Все эти мертвенные механизмы жизни хорошо известны у Чехова, это разнообразные чиновники: например, чиновник из «Анны на шее», грозящий нравственностью с поднятой вилкой, на острие которой огурец, и чиновник из «Рассказа неизвестного человека», профессор из «Дяди Вани», растерявший все человеческое по дороге жизни доктор Старцев, так и не смогший противостоять системе жизни доктор Рагин; мещанский мир в «В овраге» и «Трех сестрах», а все эти странные механизмы сыплющихся фраз — эпизодические застывшие фанеры из пьес Чехова типа Чебутыкина, Симеонова-Пищика, Епиходова и проч. Здесь, на этом полюсе, мы видим мир застывших форм, мир без человеческого оживления, без идеалов, без «живой жизни».

С другой стороны, все мы помним этот слегка меркнущий, слабо льющийся, почти убитый прозой жизни свет от этих добрых душ, рассеянных в пространствах России: Липы из рассказа «В овраге», дьячка из «Дуэли», прямо толстовского персонажа, Дымова из «Попрыгуньи», доктора Астрова из «Дяди Вани», благословившего леса, Пети Трофимова, уходящего в будущее прекрасной жизни.

Чеховские прекраснодушные герои «живой жизни», представители интеллигенции и простые люди, не такие, как у Толстого, часто нелепы, они прославляют идеалы, прославляют и как будто сами не верят, не способные достичь чего-либо в реальном мире, они часто прекраснодушные мечтатели, недотепы, не могут они и защитить себя в мире зла. Потому что в художественном мире Чехова все живое гибнет, как вишневый сад, или вырождается в чудовищные формы. Но, как писал В. Набоков: «Типичный чеховский герой — неудачливый защитник общечеловеческой правды, возложивший на себя бремя, которого он не мог ни вынести, ни сбросить. Все чеховские рассказы — это непрерывное спотыкание, но спотыкается в них человек, заглядевшийся на звезды <...>, но за всем этим у Чехова слышится: благословенна страна, сумевшая породить такой человеческий тип» [16, с. 332].

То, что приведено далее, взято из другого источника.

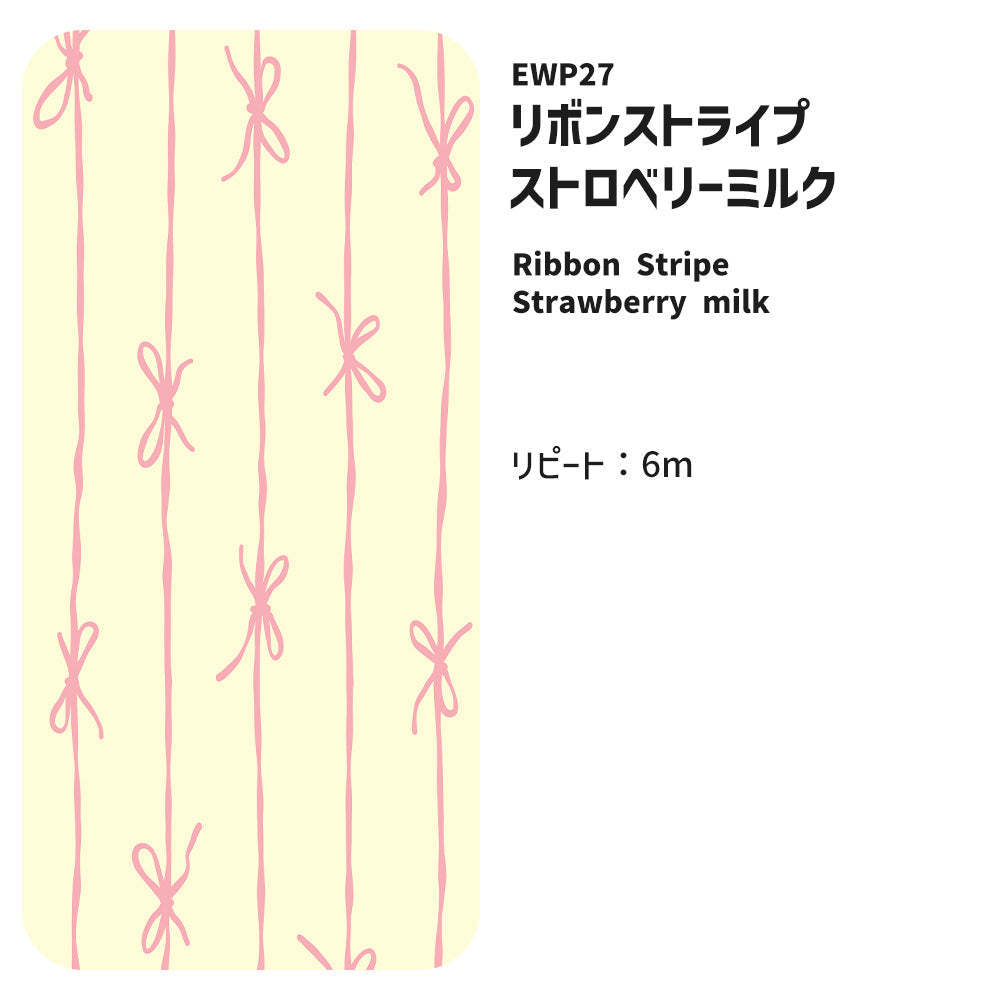 【3本セット】EASY WALL TAPE リボンストライプ/ストロベリーミルク EWP27 What’s poppin? イージーウォールテープ (幅23cm×6m)

Чехов и Толстой: нравственная серьезность («Дама с собачкой» и «Крейцерова соната»)

Внутренний диалог неприятия сопровождает Чехова при чтении знаменитого рассказа Толстого «Крейцерова соната». Известна поговорка о 90-х гг. XIX века: вся интеллигенция спорит о декадентах и «Крейцеровой сонате». Исследователи неоднократно возвращались к обсуждению чеховского прочтения этого рассказа.

Известно чеховское неприятие толстовского осуждения плотской любви в рассказе, так же, как нам представляется, Чехов не понимал оправданий героя Толстого, который совершает преступление — убивает собственную жену из-за ревности, оправдывая это бездуховностью сложившегося мира их семьи. Возможно, это происходило и потому, что сам Чехов в «Драме на охоте» показал ничтожность оправданий садистски жестокого, лживого и честолюбивого героя.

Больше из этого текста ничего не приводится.